Long Context: Native 128K, extendable to 256K (Ling-2.6-flash) and 256K → 1M (Ling-2.6-1T via YaRN).

Available Models:

BF16: inclusionAI/Ling-2.6-flash — 104B total / 7.4B active
FP8 (E4M3): inclusionAI/Ling-2.6-1T — ~1T total

License: MIT

2. SGLang Installation

SGLang offers multiple installation methods. You can choose the most suitable installation method based on your hardware platform and requirements. Please refer to the official SGLang installation guide for installation instructions.

3. Model Deployment

3.1 Ling-2.6-flash

Ling-2.6-flash is a 104B/7.4B-active MoE that runs comfortably on a single 4-GPU node.

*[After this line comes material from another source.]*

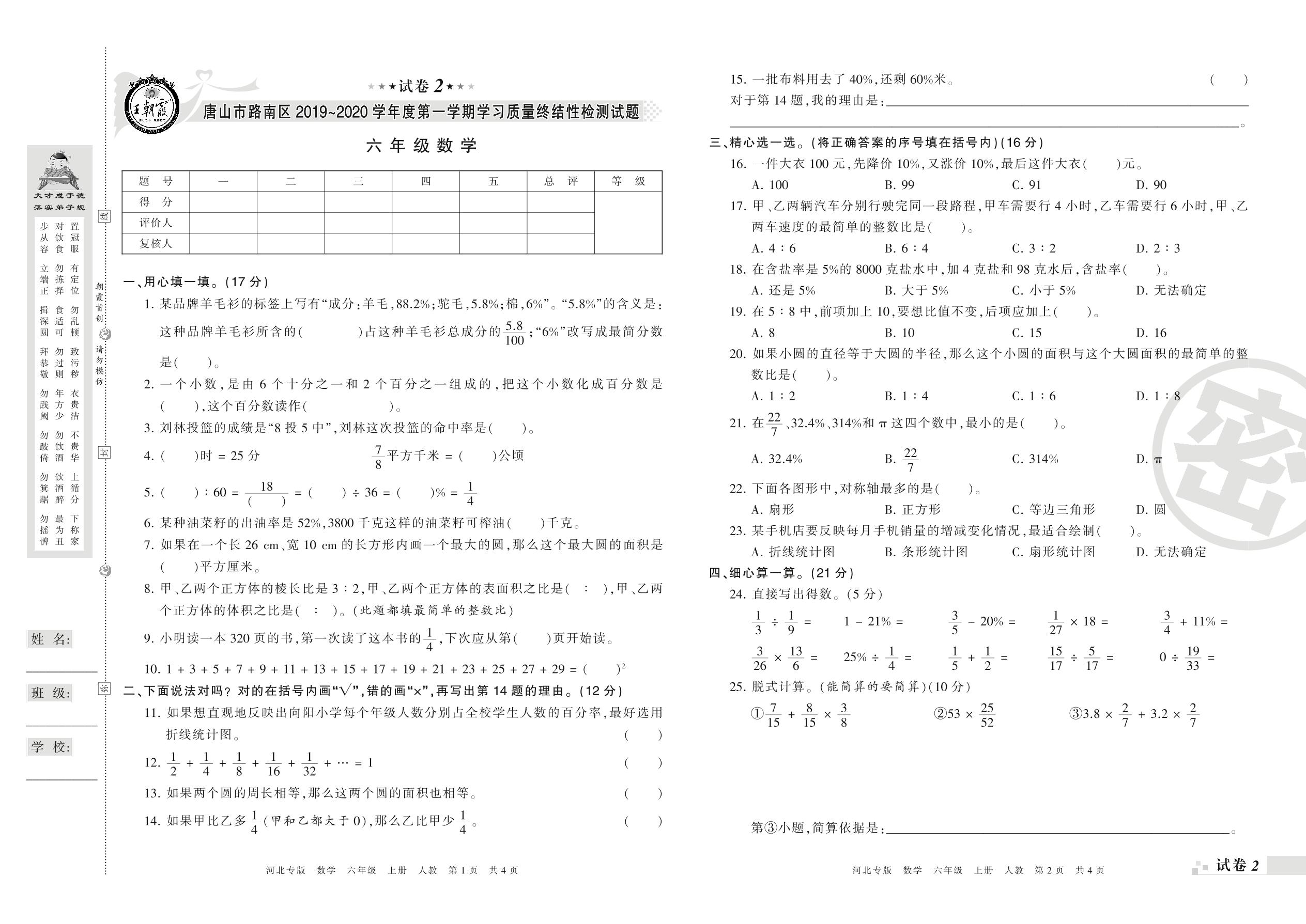 2019-2020学年第一学期唐山市路南区六年级数学试卷(人教版)【2】

Use the selector below to generate the launch command for your hardware.

Configuration Tips

--trust-remote-code is required (custom BailingMoeV2_5ForCausalLM modeling code).
--tp-size 4 is the reference layout. On 4× H20-3e the model reaches ~340 tokens/s decode at TP=4, batch 32.
Native context is 128K. Enable YaRN (--json-model-override-args '{"rope_scaling": {"rope_type": "yarn", "factor": 2.0, ...}}') to extend to 256K — the snippet does this for you.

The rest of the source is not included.